▸ **Exercise objective**
Reproduction of part of the material below, pictures omitted: copy exactly, and only, the lines starting with the one with "Vom majestätischen Fort" and going on through the one with "모 모 애완 동물 스티커".
Dataset records Start Marker
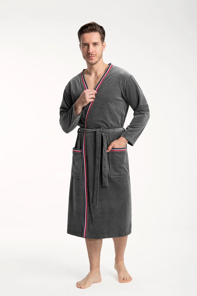 Pánský župan Luna s dlouhými rukávy a barevnými záhyby, zavazování na pásek, s kapsami, délka do půli lýtek. Složení: velur: 80 % bavlna, 20 % polyester
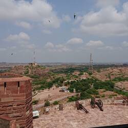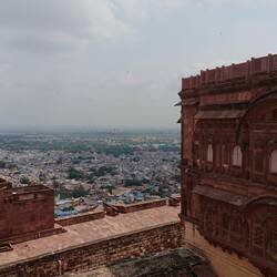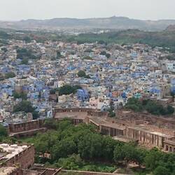 Vom majestätischen Fort blicken wir hinunter auf Jodhpur, die "blaue Stadt".
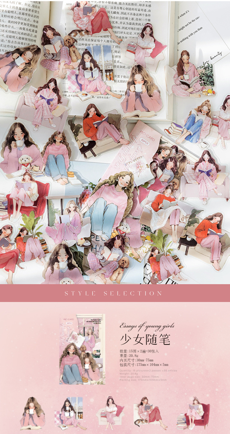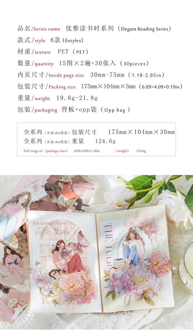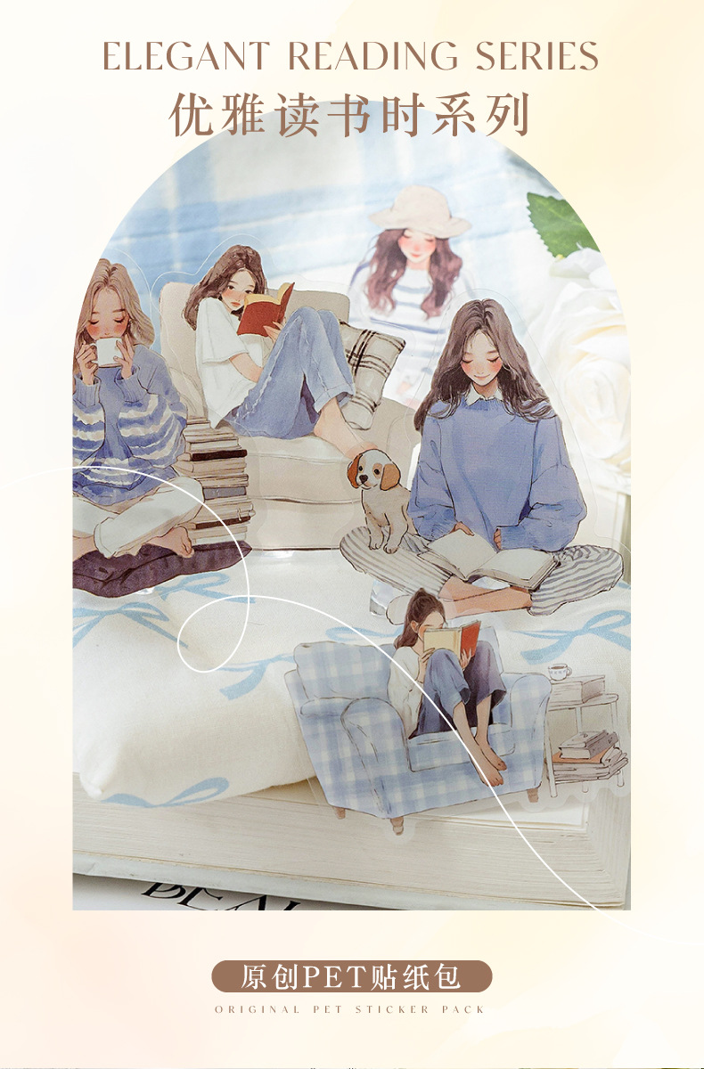 모 모 애완 동물 스티커 팩 우아한 독서 시리즈 문학 스타일 캐릭터 소재 손 계정 DIY 풍경 구오 카드 스티커
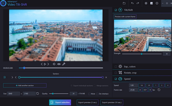 Ashampoo Video Tilt-Shift 可以为您的视频添加炫酷的微缩效果,这一效果最早出现时曾在专业摄影领域引起了轰动。只需点击几下巧妙地调整焦距和锐度,视频中的建筑、风景和物体即可看起来像微缩模型一样。为了获得更好的效果,可以像素级精准的调整效果的视角、宽度和强度,内置实时预览避免出现不理想的结果。同时软件并不仅限于此!除了和透视操作外,此移轴程序还可以通过简单的滑块调整曝光和颜色。当然,也能裁剪视频为自定义或常见的宽高比(16:9、4:3 等),并且旋转或翻转视频。用户甚至可以修改播放速度以模拟慢速或延时效果。
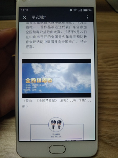 “一口毒品毁追求/双手努力付东流/三代受累家遭殃/四体不勤岂知羞/五内如焚无尽头/六亲不认亲情休/七步之才亦枉然/八方浪荡终成囚……”记者点开微信链接,发现这首禁毒公益歌曲的演唱者为潮籍歌手元朝(原名郭家源),曲子共有4分10秒,用普通话演唱,词作者是潮安区委宣传部副部长、潮安区禁毒委副主任李仲昕和潮安区禁毒办副主任黄穆然。
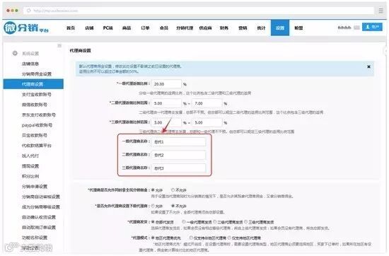 后台代理商设置里可以设置“一级代理商”、“二级代理商”、“三级代理商”的名称,比如可以把“一级代理商”名称设为“总代”等
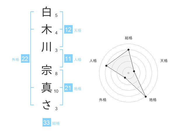 白木川 宗真ささんを姓名の画数から五運を鑑定
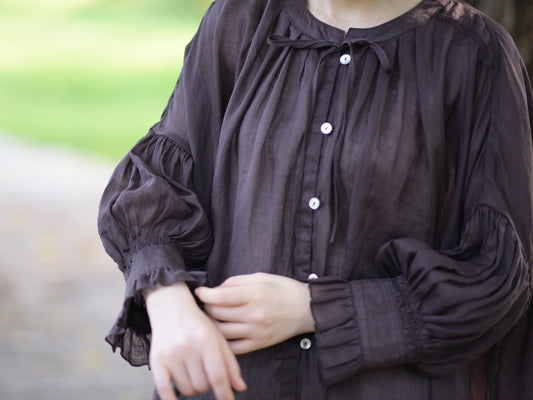 4色展開◇フリルネック&カフスの装飾がアクセントに◇ラミーロングシャツワンピース◇
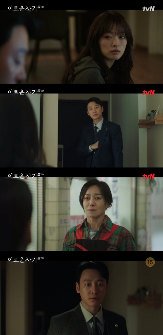 5일 방송된 tvN 월화드라마 '이로운 사기'에서는 한무영(김동욱 분)이 스스로 목숨을 끊으려는 서계숙(장영남 분)을 말리는 장면이 담겼다.
Dataset records End Marker
▸ **Task output**
 Vom majestätischen Fort blicken wir hinunter auf Jodhpur, die "blaue Stadt".
 모 모 애완 동물 스티커 팩 우아한 독서 시리즈 문학 스타일 캐릭터 소재 손 계정 DIY 풍경 구오 카드 스티커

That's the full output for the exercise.